## Dataset section:
=-=-=

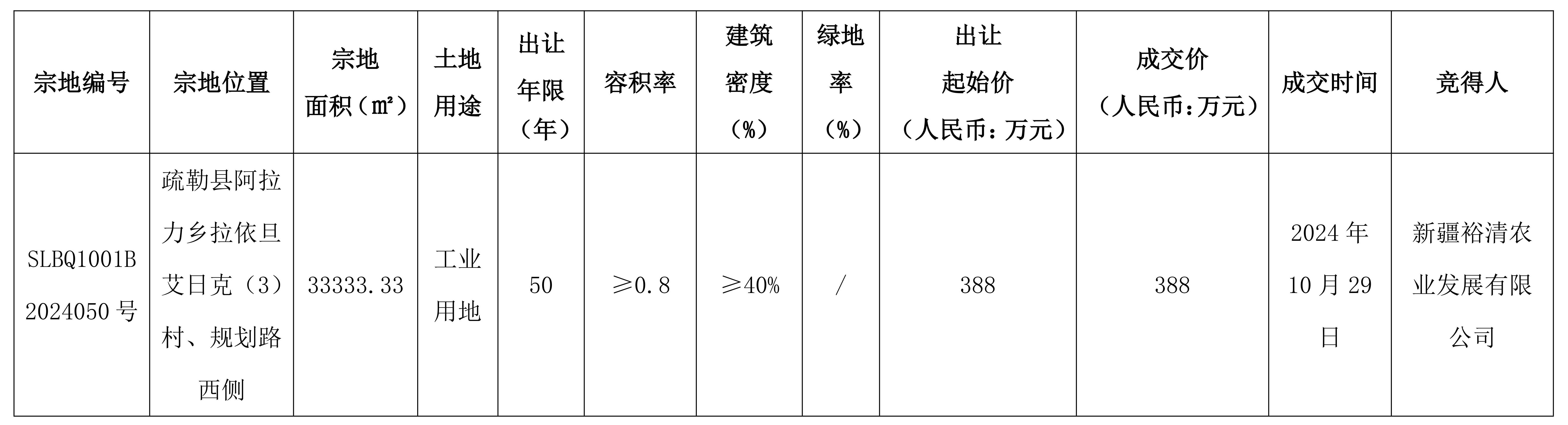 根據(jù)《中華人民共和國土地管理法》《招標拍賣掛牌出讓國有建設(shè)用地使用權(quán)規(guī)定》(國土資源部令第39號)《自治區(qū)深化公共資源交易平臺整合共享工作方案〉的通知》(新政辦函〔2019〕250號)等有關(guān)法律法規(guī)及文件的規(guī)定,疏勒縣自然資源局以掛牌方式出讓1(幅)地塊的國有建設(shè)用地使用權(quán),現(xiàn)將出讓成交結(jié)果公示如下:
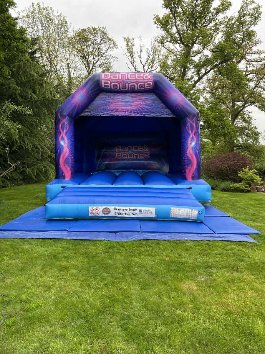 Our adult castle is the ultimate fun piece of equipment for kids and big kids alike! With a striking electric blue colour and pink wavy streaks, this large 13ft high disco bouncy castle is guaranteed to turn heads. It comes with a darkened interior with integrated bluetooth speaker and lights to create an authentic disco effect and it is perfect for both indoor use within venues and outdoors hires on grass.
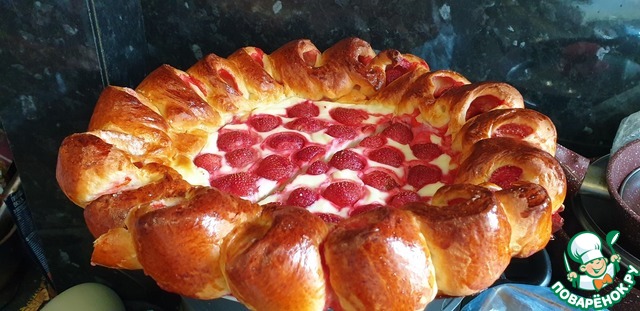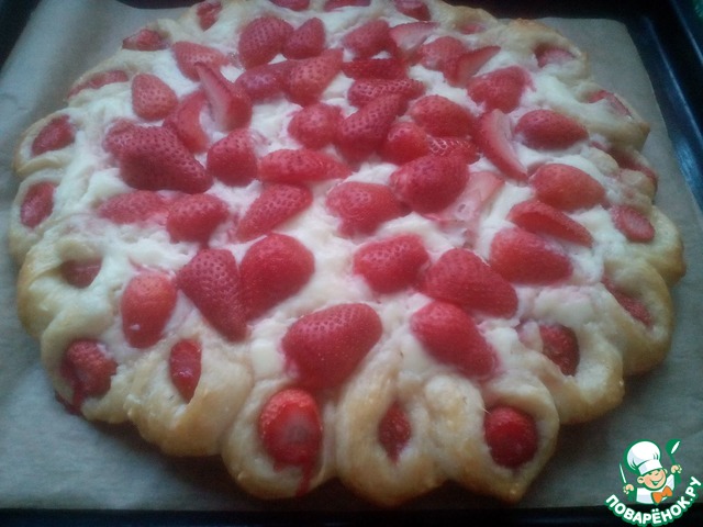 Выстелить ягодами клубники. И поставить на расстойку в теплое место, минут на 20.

=-=-=

I'd like the material duplicated exactly, without its pictures.

 根據(jù)《中華人民共和國土地管理法》《招標拍賣掛牌出讓國有建設(shè)用地使用權(quán)規(guī)定》(國土資源部令第39號)《自治區(qū)深化公共資源交易平臺整合共享工作方案〉的通知》(新政辦函〔2019〕250號)等有關(guān)法律法規(guī)及文件的規(guī)定,疏勒縣自然資源局以掛牌方式出讓1(幅)地塊的國有建設(shè)用地使用權(quán),現(xiàn)將出讓成交結(jié)果公示如下:
 Our adult castle is the ultimate fun piece of equipment for kids and big kids alike! With a striking electric blue colour and pink wavy streaks, this large 13ft high disco bouncy castle is guaranteed to turn heads. It comes with a darkened interior with integrated bluetooth speaker and lights to create an authentic disco effect and it is perfect for both indoor use within venues and outdoors hires on grass.
 Выстелить ягодами клубники. И поставить на расстойку в теплое место, минут на 20.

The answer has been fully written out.